Department of Pathophysiology, College of Basic Medical Science, China Medical University, Shenyang 110122, Liaoning Province, PR China.
Department of Intelligent Computation, School of Intelligent Medicine, China Medical University, Shenyang 110122, Liaoning Province, PR China.
Cell Signal. 2024 Jun;118:111151. doi: 10.1016/j.cellsig.2024.111151. Epub 2024 Mar 22.

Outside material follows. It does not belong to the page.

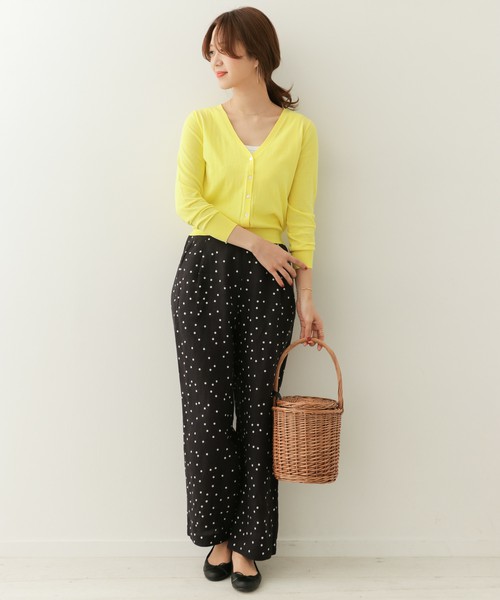 搭配今年春季流行的圓點圖樣,表現充滿季節感的風格。選擇黑底的圓點圖樣服飾,讓配色顯得活潑有張力。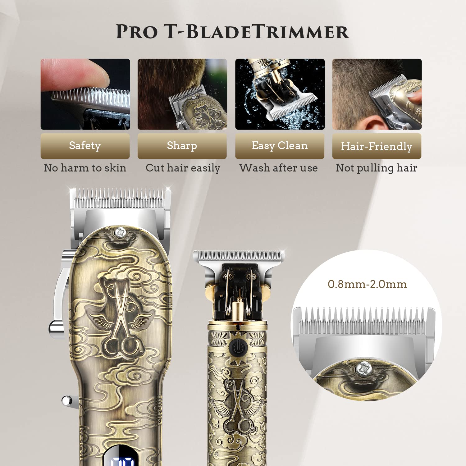 • 【Powerful Motor & Low Noise】This trimmer has 10W powerful motor, with a non-slip surface and easier to hold. The sharp and durable precision stainless steel T-blade can efficiently achieve smooth and close cutting. When you get up for work in the morning or need to cut your hair, shave or trim your nose hair after overtime at night, you don't need to worry about disturbing your family's sleep. The noise of this product is below 60 decibels.

Chemoresistance poses a significant obstacle to the treatment of breast cancer patients. The increased capacity of DNA damage repair is one of the mechanisms underlying chemoresistance. Bioinformatic analyses showed that E2F8 was associated with cell cycle progression and homologous recombination (HR) repair of DNA double-strand breaks (DSBs) in breast cancer. E2F8 knockdown suppressed cell growth and attenuated HR repair. Accordingly, E2F8 knockdown sensitized cancer cells to Adriamycin and Cisplatin. Centromere protein L (CENPL) is a transcriptional target by E2F8. CENPL overexpression in E2F8-knockdowned cells recovered at least in part the effect of E2F8 on DNA damage repair and chemotherapy sensitivity. Consistently, CENPL knockdown impaired DNA damage repair and sensitized cancer cells to DNA-damaging drugs. These findings demonstrate that targeting E2F8-CENPL pathway is a potential approach to overcoming chemoresistance.
化学耐药性是乳腺癌患者治疗的重大障碍。DNA 损伤修复能力的增加是化学耐药性的机制之一。生物信息学分析表明,E2F8 与乳腺癌细胞周期进程和同源重组(HR)修复 DNA 双链断裂(DSBs)有关。E2F8 敲低抑制细胞生长并减弱 HR 修复。因此,E2F8 敲低使癌细胞对阿霉素和顺铂敏感。着丝粒蛋白 L(CENPL)是 E2F8 的转录靶标。E2F8 敲低细胞中 CENPL 的过表达至少部分恢复了 E2F8 对 DNA 损伤修复和化疗敏感性的作用。一致地,CENPL 敲低损害 DNA 损伤修复并使癌细胞对 DNA 损伤药物敏感。这些发现表明,靶向 E2F8-CENPL 途径是克服化学耐药性的一种潜在方法。